Portuguese Version

Year:  2001  Vol. 67   Ed. 4 - (14º)

Artigos Originais

Pages: 536 to 542

Laryngeal Electromyography.

Author(s): Jeanne R. O. Ramalho*,
Renato J. Corso*,
Gustavo D. Ferreira*,
Henrique C. F. Pinto**,
José A. Pinto***,
Antonio L. Catai****.

Keywords: vocal fold, electromyography, larynx

Abstract:
Introduction: Laryngeal dysfunction and vocal fold immobility have been increasingly detected in our clinical practice, although it is still a challenge to differentiate between an immobile vocal cord due to paralysis or mechanical limitation. Laryngeal electromyography is an essential test for the objective evaluation of neuromuscular status and laryngeal function. The procedure has prognostic value and influences treatment. Study design: Clinical prospective. Aim: We present our experience in a clinical setting with five patients submitted to laryngeal electromyography. The advantages and disadvantages of the procedure, the results and management of the cases are discussed. Conclusion: Our data have shown that laryngeal electromyography is a viable, low cost, office procedure with minimum discomfort to the patient, without complications.

INTRODUCTION

Vocal fold mobility abnormalities are easily diagnosed by the clinical history and the physical examination. However, the differential diagnosis between immobility due to mechanical limitation and neuromotor disorders is difficult and has therapeutic and prognostic implications. Laryngeal electromyography is a clinical method that assesses the laryngeal function, used to differentiate neuropathy, myopathy, brainstem lesions, anterior medullar neuron diseases and neuromuscular transmission disorders, and to define which is the affected nerve (superior laryngeal or recurrent nerves), objectively differentiating between immobility due to mechanical limitations and neuromuscular transmission disorders. Moreover, it provides information about severity and extension of the nervous involvement, with prognostic value for the recovery of facial palsy, especially if performed early.

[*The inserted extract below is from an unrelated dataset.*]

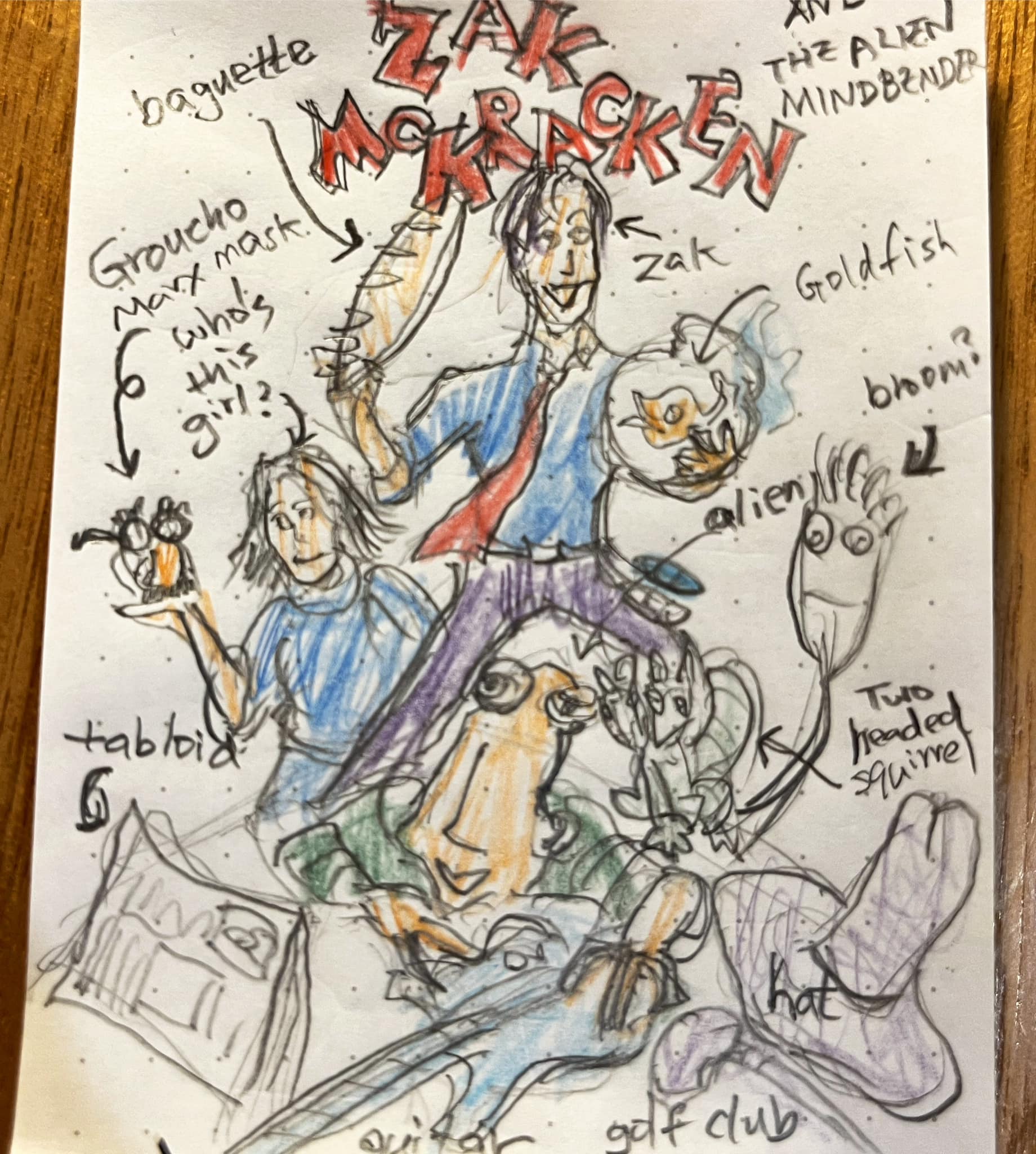A tribute to Zak McKracken and the Alien Mindbenders, an old adventure game. The game has the greatest cover art ever. I haven’t played the game myself, but what could the plot be? Zak McKracken, a tabloid journalist is holding a baguette and a fishbowl, standing on a pile of fallen alien guitarists in cowboy hats. There is a broom with a face, a two-headed squirrel, and a girl holding a Groucho-Marx mask. Somebody should turn it into a children’s book.
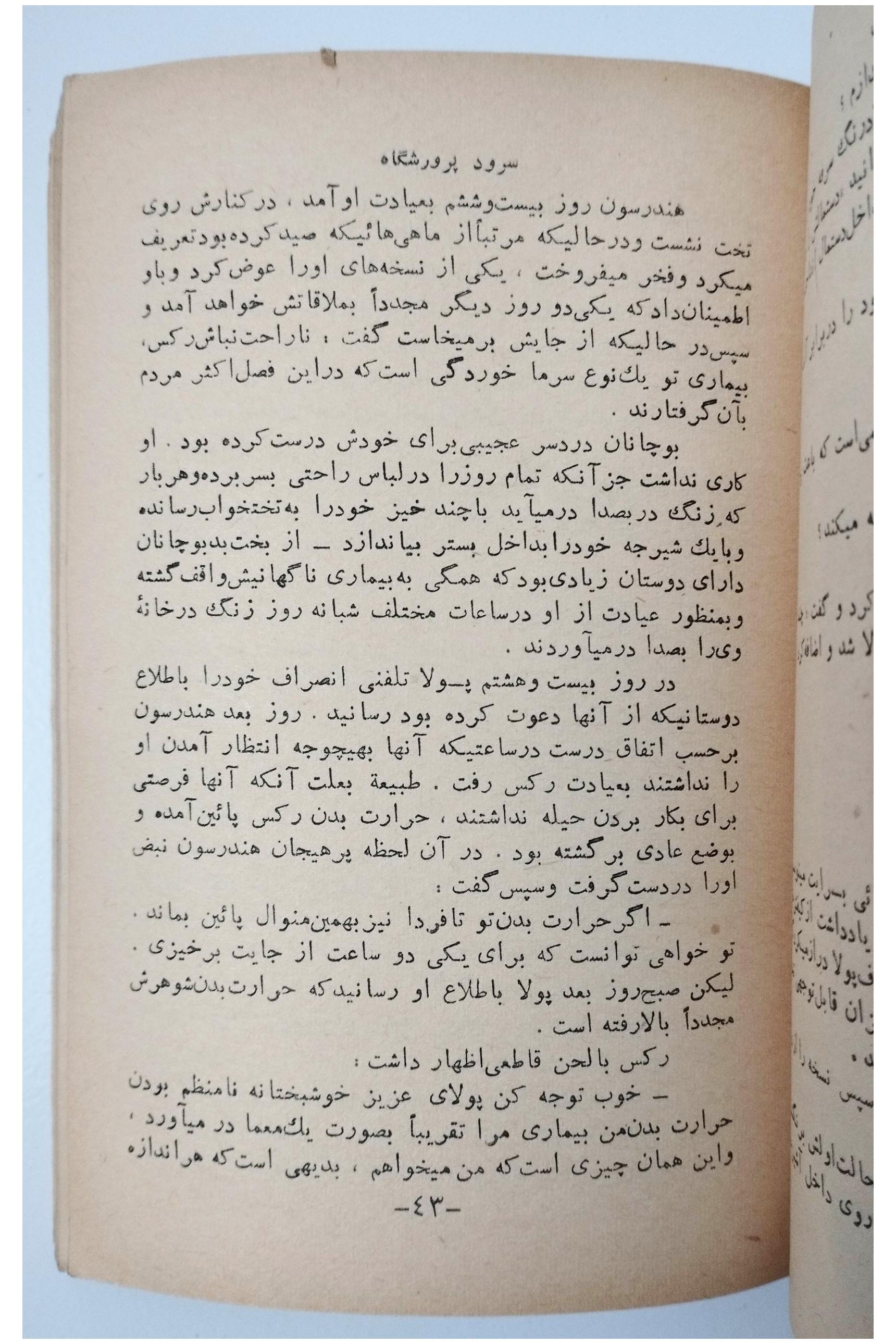 بدلیل قدمت چاپ برخی صفحات و لبه های صفحات دارای لکه و زدگی و تاخوردگی می باشند.

The first reports of the use of electromyography to study laryngeal intrinsic muscles were published by Weddel14, but the technique did not become wide spread in clinical practice9.

Recently, the interest in its clinical applicability was renewed after the publication of some articles that showed that electromyography use is essential to distinct recurrent laryngeal nerve paralysis from arytenoid fixation10,14. Laryngeal electromyography technique, with positioning of the electrode percutaneously, was initially reported by Fink6, and later internal muscle laryngeal access was standardized based on the anatomical projections of the laryngeal frameworks.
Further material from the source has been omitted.